Truly an interesting weekend and now the following week as I just found out that I have an opportunity to exhibit at this weekend’s Photo Independent 2018 being held in Los Angeles. I will be sharing some exhibition space with my book printer, Dual Graphics, thus my stronger emphasis on my artist books that I will have for sale; there are still a few editions of Bluewater Shore left, as well editions of Middle Ground and copies of my Guide to Self-publishing an Artist Book.

Yikes, still less than seven days notice; so I have to say there is some value in having some of my art already framed. There are some limitations on size and where/how to hang, so I quickly determined that I have four pieces (including the photo above that was awarded Honorable Mention at the IFAC 2016 All Media exhibition), that will work within the confines of this exhibition space in conjunction with my artist book sales.

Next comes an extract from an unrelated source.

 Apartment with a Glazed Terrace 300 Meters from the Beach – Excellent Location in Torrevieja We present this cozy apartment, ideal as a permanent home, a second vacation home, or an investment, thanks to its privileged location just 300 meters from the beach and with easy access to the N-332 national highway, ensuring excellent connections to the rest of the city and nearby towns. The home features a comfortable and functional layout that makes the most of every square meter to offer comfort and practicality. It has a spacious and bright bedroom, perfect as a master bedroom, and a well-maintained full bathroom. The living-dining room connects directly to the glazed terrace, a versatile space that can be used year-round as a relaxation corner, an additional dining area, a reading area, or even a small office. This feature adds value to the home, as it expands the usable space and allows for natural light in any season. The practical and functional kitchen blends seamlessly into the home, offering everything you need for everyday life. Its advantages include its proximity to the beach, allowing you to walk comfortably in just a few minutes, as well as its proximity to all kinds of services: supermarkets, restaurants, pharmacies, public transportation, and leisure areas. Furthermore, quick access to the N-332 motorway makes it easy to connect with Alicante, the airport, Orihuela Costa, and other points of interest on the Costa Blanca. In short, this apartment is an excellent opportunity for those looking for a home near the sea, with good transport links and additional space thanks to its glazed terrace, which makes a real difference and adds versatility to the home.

Printer update; appears that my old Epson printer had a slight bit of temporary coherence, but then lapsed back into its printing coma. sigh. So evaluating alternatives and will there will be a bunch of printer discussions with friends at Photo Independent. I know that I would really love to have a 42″ wide printer, but there is absolutely no studio space for this size printing monster and since I am not selling this size prints yet, a nice dream. Perhaps more realistic is an upgrade to a 24″ wide and I can move some things around; it should be a tight fit, but do-able.

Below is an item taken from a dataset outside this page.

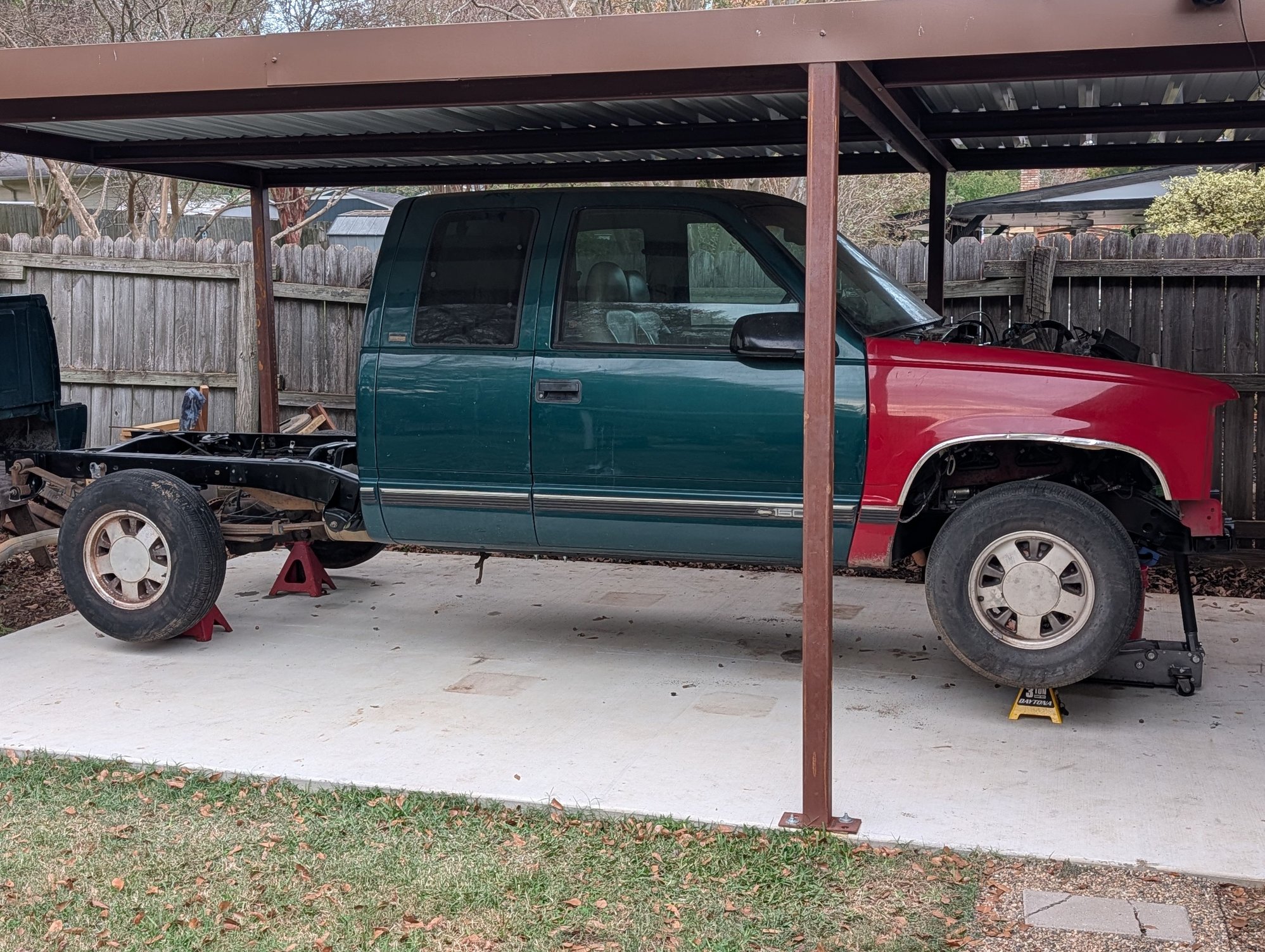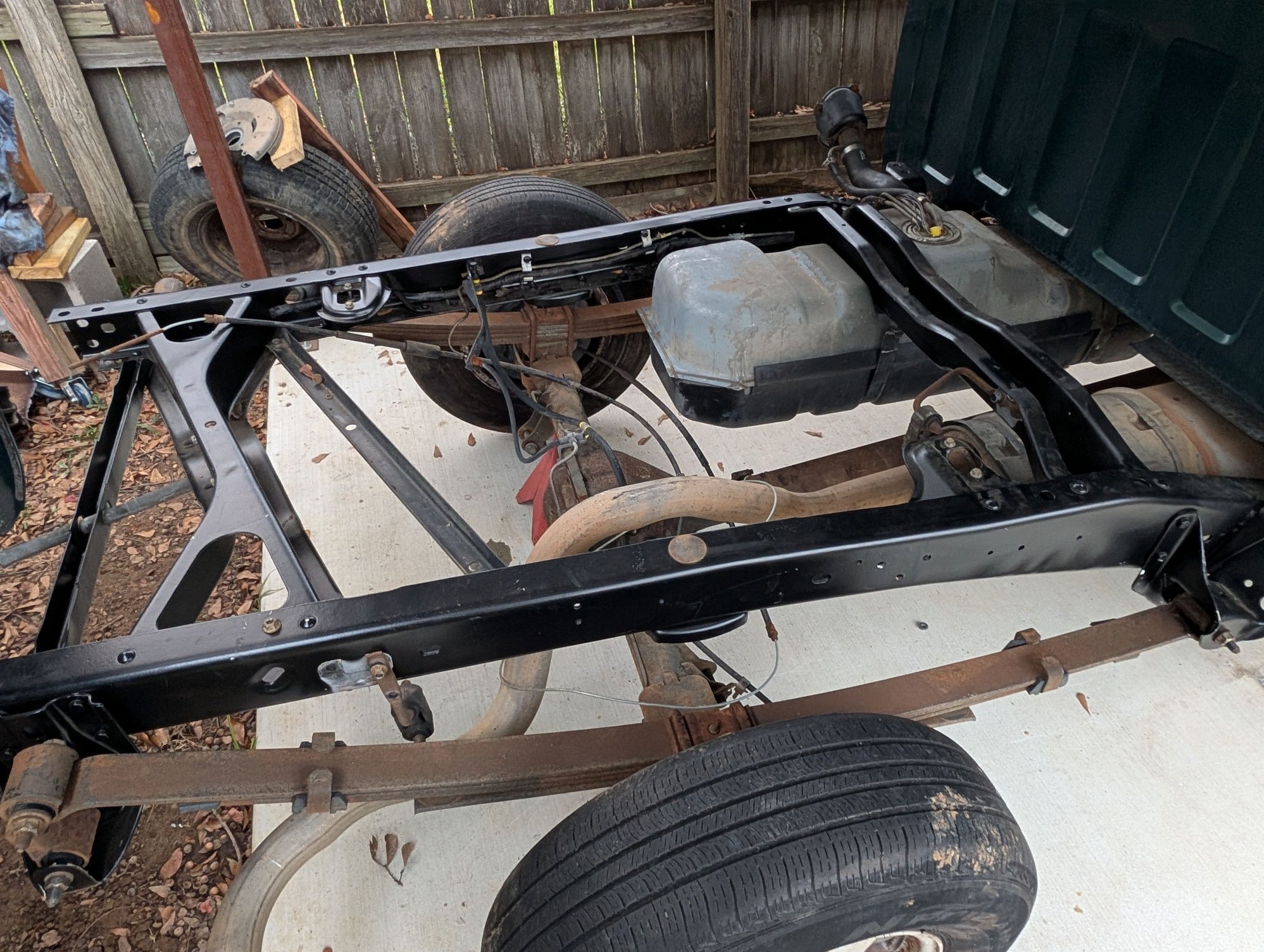 Made some more progress today. Cab is officially sitting on the frame with all new body bushings. Rear brake line, fuel lines, driveshaft, are all hooked up. Hopefully tomorrow weather pending, I will have the bad back on and everything buttoned up. Test fitted the pass fender and so far, it lines up perfectly. I am hoping the drivers side will line up as it should too.

One thing I have come to understand for my book projects; I need a smaller printer to make test prints for the book dummy, etc, thus also looking at a 13″ printer since the 24″ wide printers have issues handling/printing paper smaller than 8-1/2 x 11″.

Last, with all of the past nozzle clogging issues of the legion of Epson printers that I have had, giving very serious consideration for a Canon printer.

Okay, still some things to do to prepare for this weekend.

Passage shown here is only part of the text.